WORK ORDER -
Print the lines from the one containing "6 ottobre 2019, celebrazione" through the end of the material below, both included, exactly as they appear and without pictures.

BEGIN

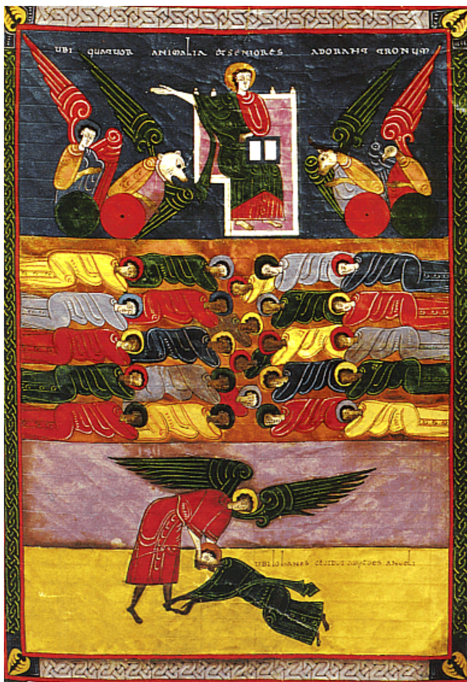
(19,1-21. Posledné veci na konci sveta). Oslava Boha na nebi (horný a stredný pás). (Beatus Facundus, 1047)
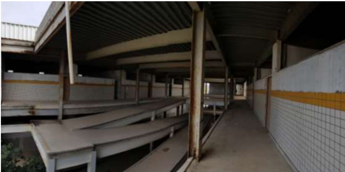
Circulação das salas de aula
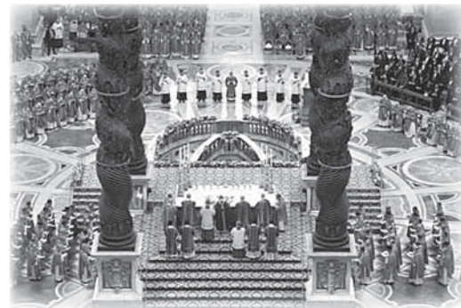
6 ottobre 2019, celebrazione eucaristica di apertura del sinodo.

A questo riguardo disse: «C'è un punto sul quale vorrei sof- fermarmi, e che ritengo rilevante per il cammino attuale e futuro non solo della Chiesa in Brasile, ma anche dell'intera compagine sociale: l'Amazzonia... Vorrei in- vitare tutti a riflettere su quello che Aparecida ha detto sull'Amaz- zonìa, anche il forte richiamo al rispetto e alla custodia dell'intera creazione che Dio ha affidato all'uomo non perché lo sfrutti selvaggiamente, ma perché lo renda un giardino... Ma, vorrei aggiungere che va ulteriormen- te incentivata e rilanciata l'opera della Chiesa. Servono formatori qualificati, soprattutto formatori e professori di teologia, per con- solidare i risultati ottenuti nel campo della formazione di un clero autoctono, anche per avere sacerdoti adattati alle condizioni locali e consolidare, per così dire, il volto amazzonico della Chiesa. In questo, per favore, vi chiedo di es-
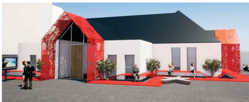
▲ Poursuivre sur le parvis intérieur l'appel lancé depuis la rue du Général de Gaulle.
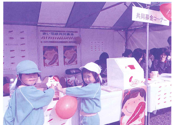
「シチメンソウまつり」のイベント募金活動(11/1) みなさまからの温かいご支援「ありがとう」
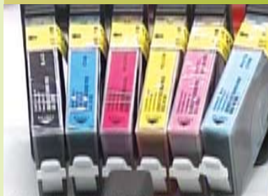
创新产品需要知识产权的保护

有了好的概念、取得专利权后，下一步便是作出具体的计划，了解新意念能否在可承担的成本下转化为工业设计，然后开发产品，推出市场。若得到市场的接受，这个新意念才可称得上是成功。
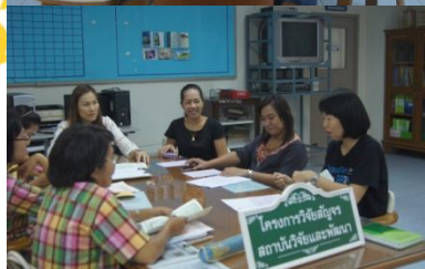
คณะเทคโนโลยีการเกษตร
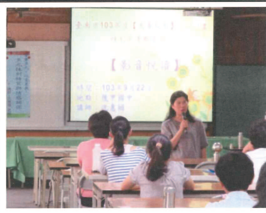
講師說明多元性別特質的內涵

END

ANSWER SPACE -
6 ottobre 2019, celebrazione eucaristica di apertura del sinodo.

A questo riguardo disse: «C'è un punto sul quale vorrei sof- fermarmi, e che ritengo rilevante per il cammino attuale e futuro non solo della Chiesa in Brasile, ma anche dell'intera compagine sociale: l'Amazzonia... Vorrei in- vitare tutti a riflettere su quello che Aparecida ha detto sull'Amaz- zonìa, anche il forte richiamo al rispetto e alla custodia dell'intera creazione che Dio ha affidato all'uomo non perché lo sfrutti selvaggiamente, ma perché lo renda un giardino... Ma, vorrei aggiungere che va ulteriormen- te incentivata e rilanciata l'opera della Chiesa. Servono formatori qualificati, soprattutto formatori e professori di teologia, per con- solidare i risultati ottenuti nel campo della formazione di un clero autoctono, anche per avere sacerdoti adattati alle condizioni locali e consolidare, per così dire, il volto amazzonico della Chiesa. In questo, per favore, vi chiedo di es-
▲ Poursuivre sur le parvis intérieur l'appel lancé depuis la rue du Général de Gaulle.
「シチメンソウまつり」のイベント募金活動(11/1) みなさまからの温かいご支援「ありがとう」
创新产品需要知识产权的保护

有了好的概念、取得专利权后，下一步便是作出具体的计划，了解新意念能否在可承担的成本下转化为工业设计，然后开发产品，推出市场。若得到市场的接受，这个新意念才可称得上是成功。
คณะเทคโนโลยีการเกษตร
講師說明多元性別特質的內涵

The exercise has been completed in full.